Maafkan Mama Ra

"Kalau Mama pergi ke rumah Mbah Kakung, Ara di rumah aja sama Bapak ya," ujarku sambil membelai lembut kepala gadis kecil itu.
Ara, putriku yang baru berumur lima tahun itu masih terdiam. Seolah ada sesuatu yang tengah dipikirkannya.

"Ara ikut Mamah. Ara enggak mau ditinggal!" Tiba-tiba Ara memelukku.
Dari sudut matanya terlihat bulir bening yang mulai menetes. Ara menangis. Kupeluk erat tubuh mungil itu. Pelukan terakhir sebelum aku mantap melangkahkan kaki keluar dari rumah ini.

"Ara kan harus sekolah, Nak."
"Tapi nanti kalau Ara pengin minum susu siapa yang buatin, Mah?" Gadis kecil itu bertanya dengan polosnya.
"Kan ada Mbah Rayi, Nak." Aku tersenyum. Berusaha sekuat tenaga menahan agar netra ini tak ikut mengembun.
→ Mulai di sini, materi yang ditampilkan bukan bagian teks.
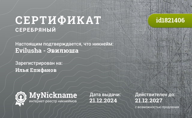 Nickname Evilusha - Эвилюша is registered to Ilya Epifanov. Issued certificate ID1821406. Issue date 21.12.2024.
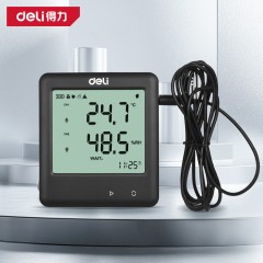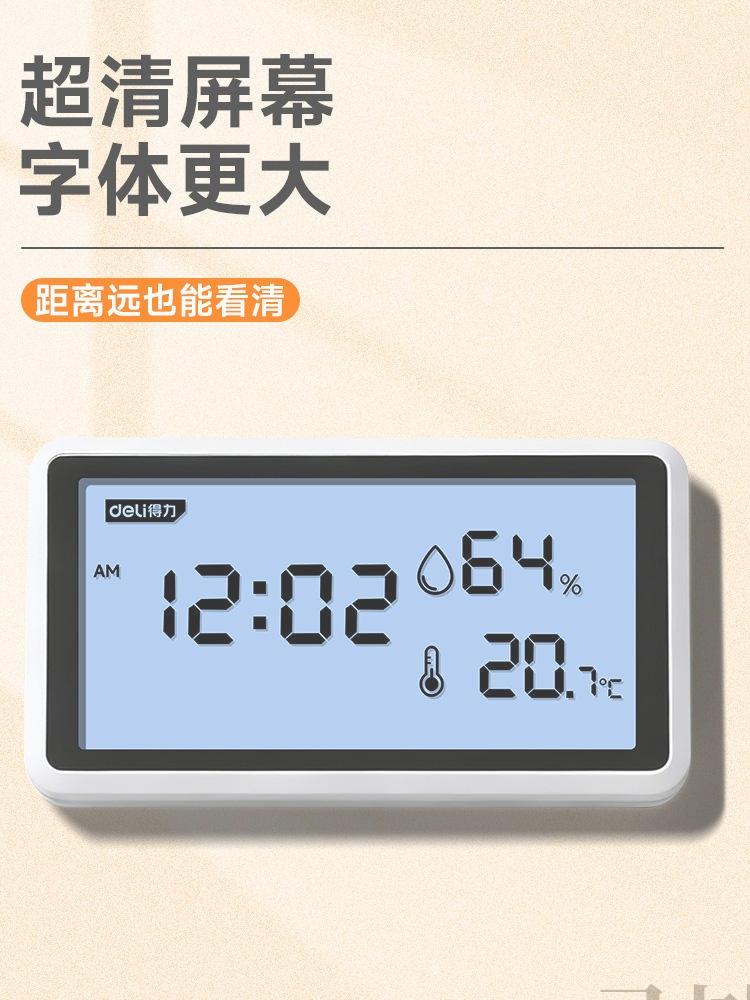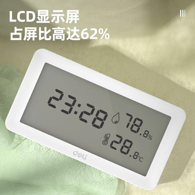 deli得力DL336006温湿度计大屏壁挂日期时间外置探头
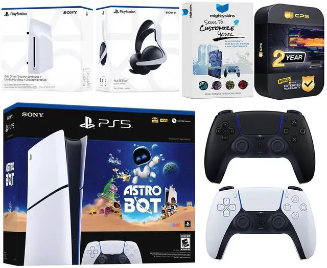 INCLUDED: Sony PlayStation 5 Digital, 2x Controllers, Astro Bot download code, Disc Drive Attachment, Pulse Elite Wireless Headset (White), HDMI cable, AC power cord, MightySkins Code and 2 Year CPS Extended Warranty

"Kalau yang buat Mbah Rayi, enggak enak." Ara kembali merajuk.
"Minta buatin Bapak aja ya, Nak?"
"Kalau Bapak yang buat, enggak seenak buatan Mamah. Ya udah kalau gitu Ara nggak mau minum susu lagi."

Mendengar jawaban Ara, ada sesuatu yang menyesakkan di dalam dada. Sangat menyakitkan. Tak bisa kubayangkan hidup tanpa Ara. Sehari saja tidak mendengar suaranya, aku begitu merasa kehilangan.

Aku kembali memeluk Ara. Bertubi-tubi mencium kepala dan wajahnya. Sementara Ara hanya menatapku sendu.
"Mamah berapa lama di rumah Mbah Kakung?" tanya Ara sesaat setelah kulepas pelukan pada tubuhnya.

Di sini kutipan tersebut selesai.